*** Provided material Section Begins ***

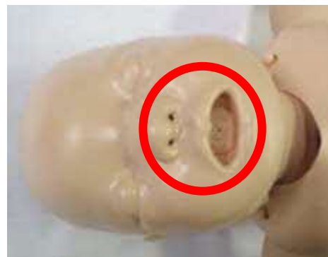
乳児への人工呼吸(口対口鼻)
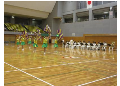
【消防音楽隊の皆様の演奏・演技】
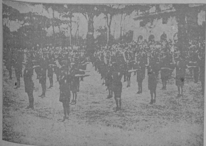
Los Flechas en sus ejercicios
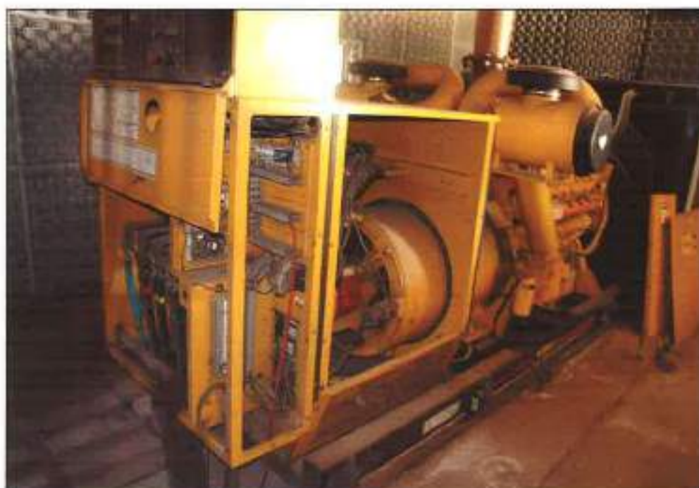
ILUSTRAÇÃO ANÁLOGA ÀQUELA ANTERIOR.
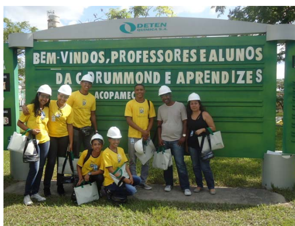
Jovens Aprendizes em visita à Deten (maio/2013)

A DETEN deu continuidade à sua participação na formação de adolescentes carentes em parceria com a Acopamec - Centro do Menor João Paulo II , associação das comunidades paroquiais de bairros carentes de Salvador (Mata Escura e Calabetão).
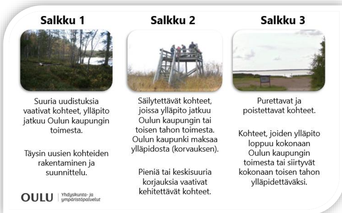
Kuva 1. Työsalkut.

Työsalkut tarkoittavat käytännössä seuraavia toimenpiteitä kohteiden osalta:
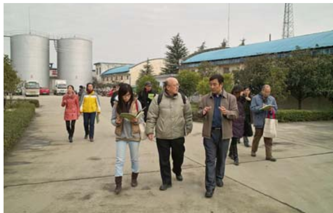
参观有机食品企业（双亚粮油公司）
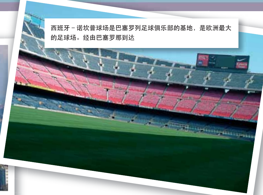
西班牙 - 诺坎普球场是巴塞罗列足球俱乐部的基地，是欧洲最大的足球场。经由巴塞罗那到达
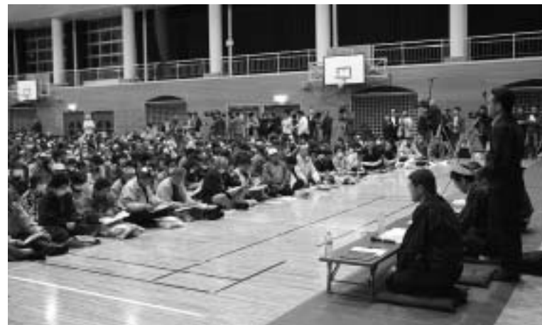
▲謝罪・住民説明会のようす
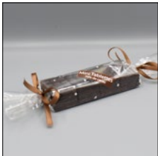
MINI TABLETTES CHOCOLAT NOIR. 100G Sans lécithines
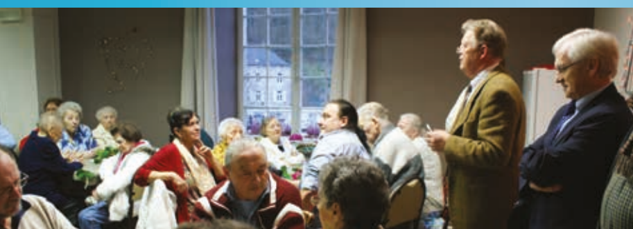
Noël au Foyer Saint-Antoine Page 20
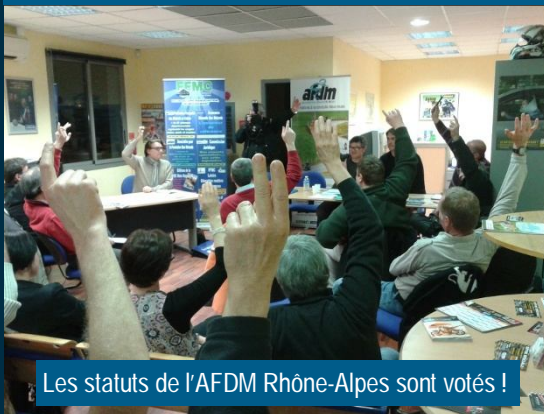
Les statuts de l'AFDM Rhône-Alpes sont votés !

La création d'une nouvelle AFDM Locale est toujours un événement très attendu ! Avec trois en autant d'années et une quatrième bien engagée, le développement associatif est plus vivace que jamais.
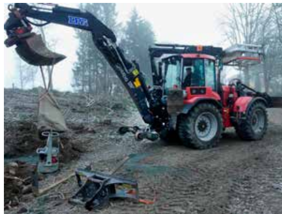
Runsten U1033 vid Årby utanför Storvreta ställs tillbaka på ett nytt fundament.

Avdelning Arkeologi har under 2018 även utfört ett antal kulturmiljövårdande uppdrag. Det har rört sig om restaurering av en skadad grav, en inventering av ett gravfält som kommit till skada vid hyggesplöjning samt flytt respektive grundförstärkning av två runstenar som riskerade att välta.
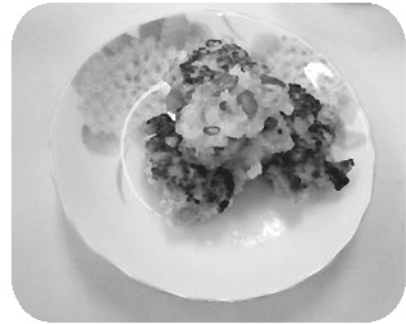
曾爾村食生活改善推進員協議会
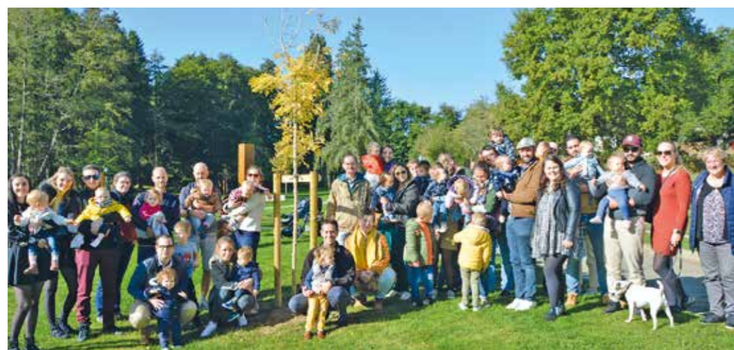
8 octobre, un arbre planté en l'honneur des enfants nés en 2021
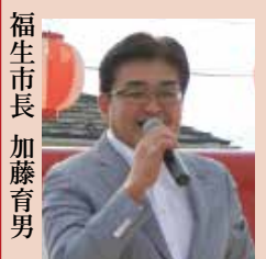
ふっさ妖怪盆踊りにて
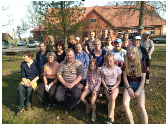
Urvaste kogudus on tegus

Toimus Urvaste koguduse lastelaager. Koguduse noored võtsid osa 13. aprillil Tallinnas Õismäe Sportmängude Hallis üle-eestilisest koguduste vahelisest
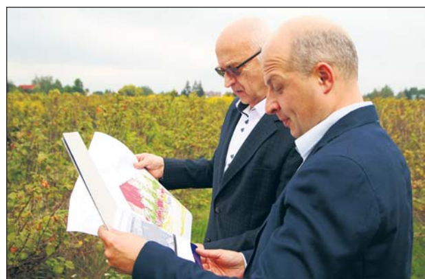
Burmistrzowie oceniają jak będzie można wykorzystać nową nieruchomość

– W najbliższym czasie gmina planuje przeprowadzenie zmian w miejscowym planie zagospodarowania przestrzennego tego terenu, aby dostosować go do swoich potrzeb i stworzyć miejsce pod zaplanowany obiekt. Niezbędna będzie także rezerwacja środków w budżecie na przygotowanie koncepcji zabu-
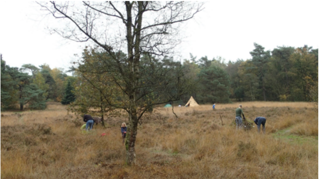
Den Treek, najaar 2015

Het aantal evenementen is beperkt gebleven. Een nieuwjaarsbijeenkomst en vier werkdagen zijn goed bezocht en er is hard gewerkt. Met Pinksteren was er weer het kinderjeudeboulestoernooi.
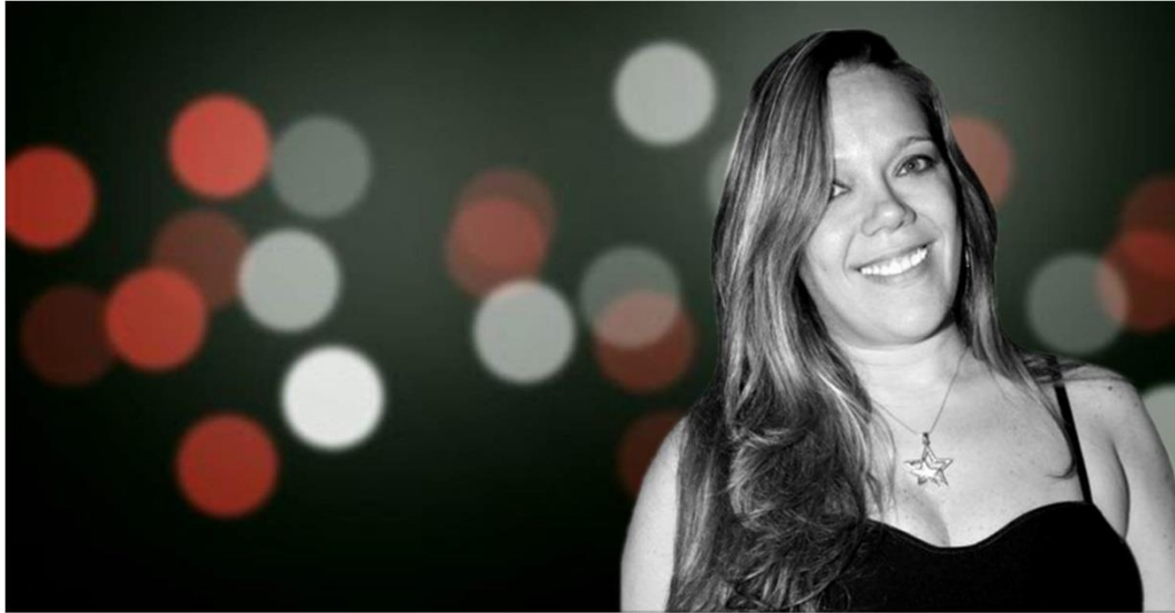
Figura 3- Usuária do Facebook postando foto do congelamento em 'Avenida Brasil'.

falas dos personagens caracterizando de maneira eficiente o subúrbio. Estas duas variáveis presentes em 'Avenida Brasil' fez com que em grande escala o fenômeno 'Social TV' fosse verificado no Brasil principalmente por meio da rede social virtual Facebook.

*** Provided material Section Ends ***

- What is being asked
Excerpt from the records above: set down only the lines from the one that contains "A DETEN deu" through the one that contains "Urvaste kogudus on tegus", inclusive, word for word. Pictures stay out.

- Answer box
A DETEN deu continuidade à sua participação na formação de adolescentes carentes em parceria com a Acopamec - Centro do Menor João Paulo II , associação das comunidades paroquiais de bairros carentes de Salvador (Mata Escura e Calabetão).
Kuva 1. Työsalkut.

Työsalkut tarkoittavat käytännössä seuraavia toimenpiteitä kohteiden osalta:
参观有机食品企业（双亚粮油公司）
西班牙 - 诺坎普球场是巴塞罗列足球俱乐部的基地，是欧洲最大的足球场。经由巴塞罗那到达
▲謝罪・住民説明会のようす
MINI TABLETTES CHOCOLAT NOIR. 100G Sans lécithines
Noël au Foyer Saint-Antoine Page 20
Les statuts de l'AFDM Rhône-Alpes sont votés !

La création d'une nouvelle AFDM Locale est toujours un événement très attendu ! Avec trois en autant d'années et une quatrième bien engagée, le développement associatif est plus vivace que jamais.
Runsten U1033 vid Årby utanför Storvreta ställs tillbaka på ett nytt fundament.

Avdelning Arkeologi har under 2018 även utfört ett antal kulturmiljövårdande uppdrag. Det har rört sig om restaurering av en skadad grav, en inventering av ett gravfält som kommit till skada vid hyggesplöjning samt flytt respektive grundförstärkning av två runstenar som riskerade att välta.
曾爾村食生活改善推進員協議会
8 octobre, un arbre planté en l'honneur des enfants nés en 2021
ふっさ妖怪盆踊りにて
Urvaste kogudus on tegus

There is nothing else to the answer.